From the socialist Norman Dennis,
On any performance or characteristic that can be measured from smallest to largest—any ‘continuous variable’—most people are clustered on both sides of the category’s average score. The numbers then tail off in one direction to the few who have extremely low scores (a few English adults are under three feet tall). The numbers tail off in the other direction to the few who have extremely high scores (a few English adults are over seven feet tall).
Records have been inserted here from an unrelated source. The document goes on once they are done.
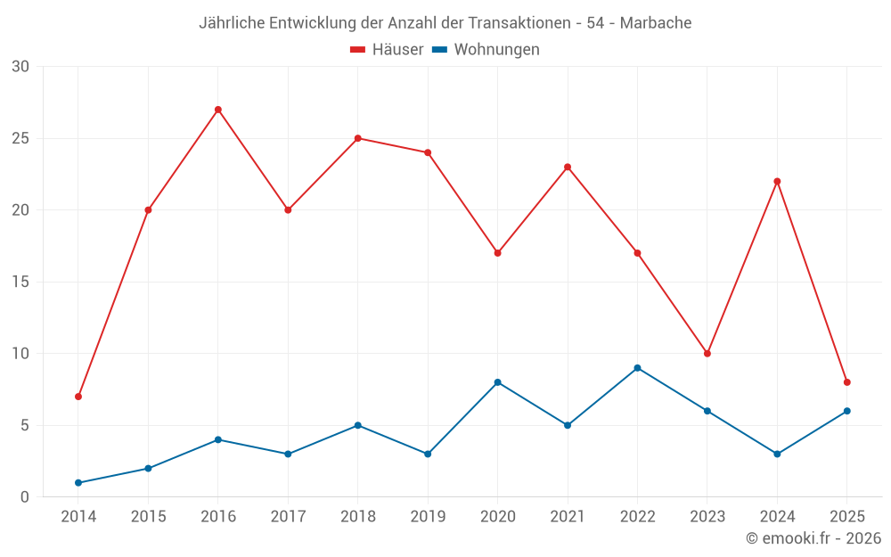 Der Durchschnittspreis auf den 25 Hausgeschäften der letzten 12 Monate in der Gemeinde Marbache betrug 1 869 € pro Quadratmeter für einen mittleren Immobilienwert von 166 250 €. Über diesen Zeitraum hinweg lagen 60% der Transaktionen zwischen 1 197 und 2 333 € pro Quadratmeter (vom 2. bis zum 8. Dezil).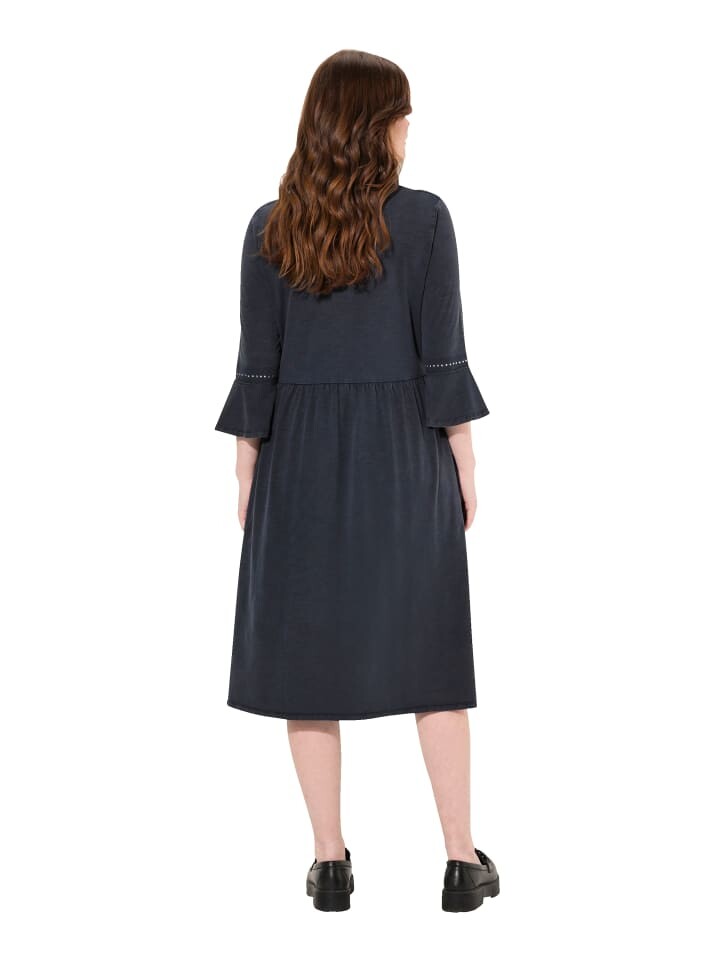 Трикотажное платье короткого А-силуэта из мягкого эластичного трикотажа с закругленными краями. Изюминка: V-образный вырез и волан на рукавах 3/4 с декоративными заклепками. Рельефный поперечный шов. Карманы в боковых швах.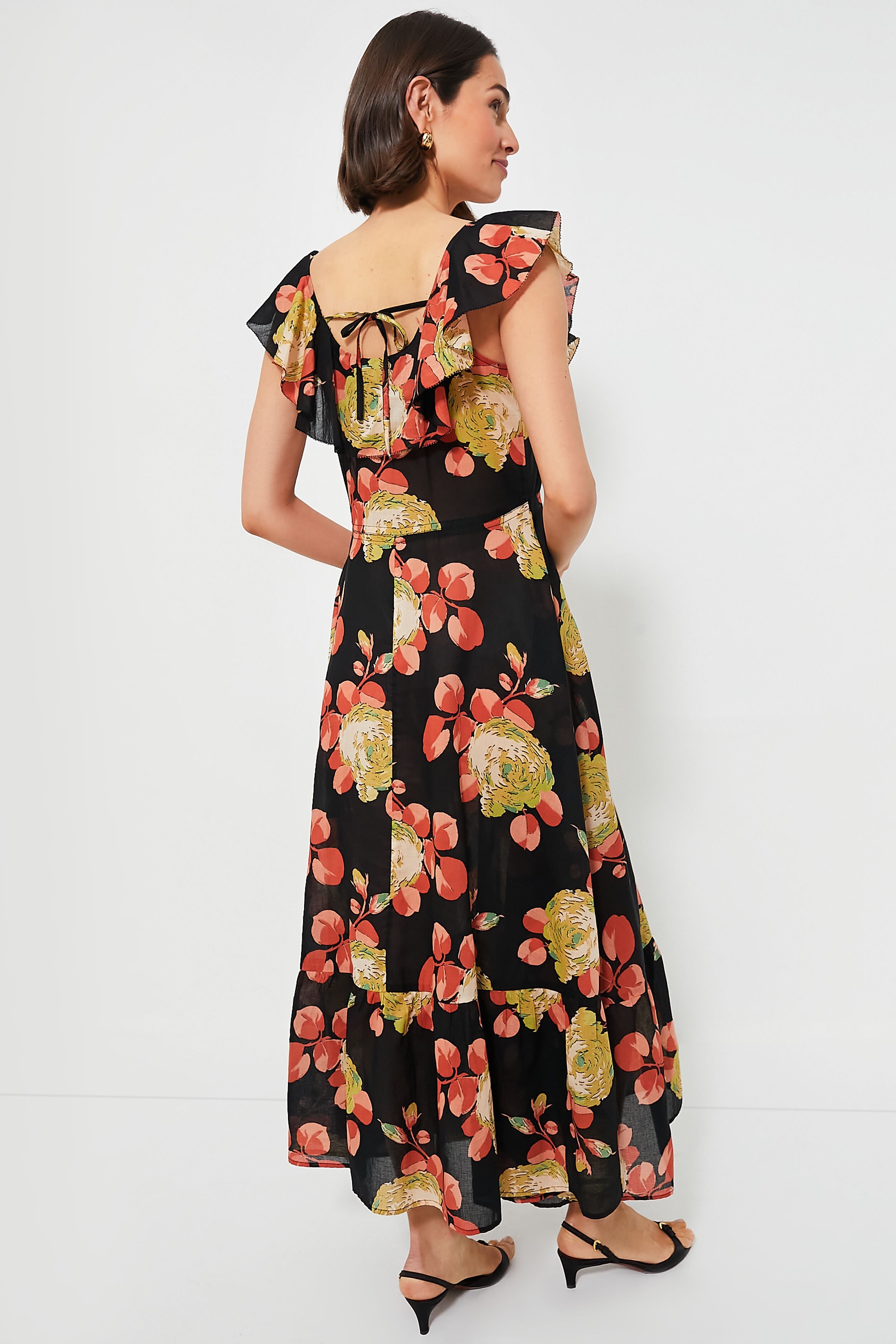 The Cabbage Rose Print The Geranium Dress is brimming with romantic details. A sleeveless midi with a romantic ruffle all around the plunging neckline. a scooped back. and an angled empire waist seam. This flattering silhouette fits snug through the bodice with a long tiered. swingy skirt. Pair with strappy sandals or platform heels for a look that is sure to turn heads.

Very frequently one category’s bell-shaped curve overlaps with that of another category. Very frequently, indeed, the intra-group dispersion from the lowest to highest scorers is much larger than the difference between the average for the two groups—there is a very large overlap. The average height of the category ‘women holding British passports’ is lower than that of the category of ‘men holding British passports’. There are more women in the ‘small stature’ tail of the distribution than men, and more men in the ‘tall stature’ tail than women. The curve showing the number of women of different height is shifted to the low end of the distribution as compared with the men’s curve. But the curves overlap very considerably. Many women, that is, are taller than many men. Everyone knows that both things are true. Men are taller than women. But many men are smaller than many women.
This is so obvious that no difficulties ever arise when the matter is discussed. No one ever tries to argue that because there are undoubtedly tall women and short men, this proves that men and women are the same height, though it is quite possible to argue that under modern urban and economic conditions the difference is no longer of much social significance (that is a second, separate, but also an empirical matter).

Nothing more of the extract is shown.